Deriving the gradient descent expression, we can write the update to individual weights as follows:
$$ \Delta{w_j} = -\alpha \sum_{i=1}^{m} (\mathbf{x}_{i}\mathbf{w}-y_{i})x_{ij} \tag{4} $$
and
$$ w_j = w_j + \Delta{w_j} \tag{5} $$
Here, \(w_j\) is the \(j^{th}\) weight and \(x_{ij}\) is the \(j^{th}\)feature in the \(i^{th}\) row/observation. To compute the update to the \(j^{th}\) weight, we sum up error attributable to this weight across all observations. This is called standard gradient descent.
For ease of implementation equation (4) can also be written in a vectorized form as:
$$ \Delta{w_j} = -\alpha \cdot sum((\mathbf{xw} - y) \circ \mathbf{x}_{*j}) \tag{6} $$
This is the sum of the hadamard product vector of residue for each row and the \(j^{th}\) column of the feature matrix (or the vector for the \(j^{th}\) feature).
However, standard gradient descent is computationally expensive for large datasets.
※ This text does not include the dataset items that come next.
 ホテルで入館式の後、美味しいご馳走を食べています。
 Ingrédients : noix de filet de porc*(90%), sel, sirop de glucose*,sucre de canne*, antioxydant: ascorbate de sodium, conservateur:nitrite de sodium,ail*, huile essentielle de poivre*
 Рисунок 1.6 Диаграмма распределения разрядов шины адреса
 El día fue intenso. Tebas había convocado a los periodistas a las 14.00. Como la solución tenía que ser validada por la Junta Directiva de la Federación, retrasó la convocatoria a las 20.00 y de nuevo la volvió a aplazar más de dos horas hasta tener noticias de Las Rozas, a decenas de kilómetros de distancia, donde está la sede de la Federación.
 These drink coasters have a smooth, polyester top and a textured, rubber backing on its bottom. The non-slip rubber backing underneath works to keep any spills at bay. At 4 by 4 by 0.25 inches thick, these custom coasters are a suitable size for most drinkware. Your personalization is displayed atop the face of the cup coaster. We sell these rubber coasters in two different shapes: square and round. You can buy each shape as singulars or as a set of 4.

An alternative method is stochastic gradient descent that updates weights after each observation. This method gives results which are arbitrarily close to standard gradient descent.
The Implementation
We code a function for gradient descent and use it to plot a straight line regression and later a non-linear relationship using basis function regression.
|
|
The first highlighted portion of the code is the core gradient descent implementation that follows equation (6).
To illustrate the convergence of weights and how the model evolves to fit the data, we have taken a regression with one variable. The figure on the left shows the convergence of weights and on the right on how the model evolves. You can note how the model (the regression line) sidles up to the data (denoted by the scatter plot) in the darkened portion of the plot. The evolution of the model corresponds to the convergence of the weights.
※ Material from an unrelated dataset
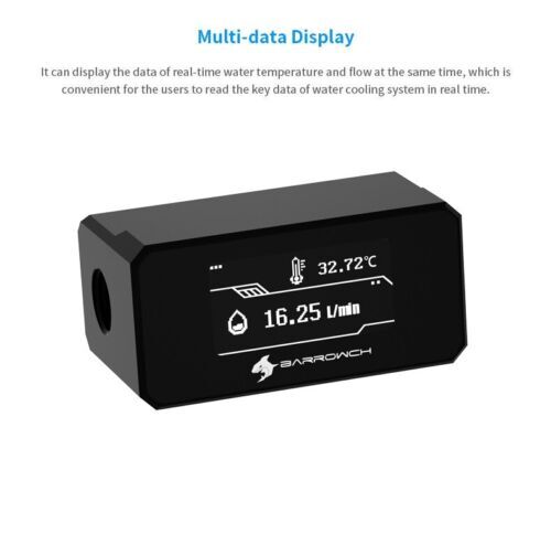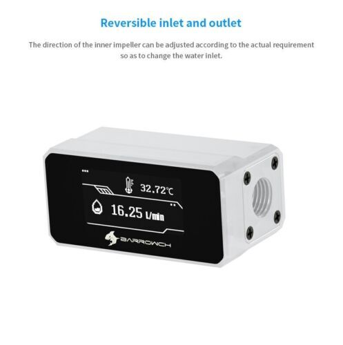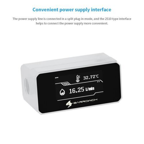 BarrowCH Digital OLED Display Inline Flow Meter Thermometer Water Cooling White

However, ‘linear’ regression is not limited to modelling linear relationships alone as we will presently see.
To show that linear regression can also model non-linear relationships, we generate data in the form of a noisy sine curve and fit a model to it.
For this, as shown in the second highlighted portion of the code, we generate polynomial features (our basis function) to feed our OLS model.
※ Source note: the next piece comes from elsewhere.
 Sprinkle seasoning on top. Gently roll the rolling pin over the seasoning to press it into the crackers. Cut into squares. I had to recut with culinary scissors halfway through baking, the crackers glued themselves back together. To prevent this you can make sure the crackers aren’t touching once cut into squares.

The plot on the right shows how the model (black dots) evolves to fit the data (blue dots) over the successive iterations.
It is very important to choose the correct combination of the number of iterations and the learning rate to get a converging model.
Making predictions
Given a feature vector or a table of test data, how would you predict your response
variable? The ols_gd()
function returns a vector of weights including the bias
\(w_0\) given the training data X,y
. You can train your model and make
predictions as follows:
model_weights = ols_gd(X_train, y_train)
y_hat = [model_weights[0]+numpy.dot(Xrow,model_weights[1:]) for Xrow in X_test]
Remember, if you are applying basis function regression (for modelling a non-
linear relationship), both your training and test data will need to go through
the basis function transformation. It is assumed that both X_train
and X_test
above are basis-function-transormed if necessary.
We started out with trying to predict car mileage and house prices. If you have done your data gathering, you are ready to build your regression model. What’s more, you now understand how it works.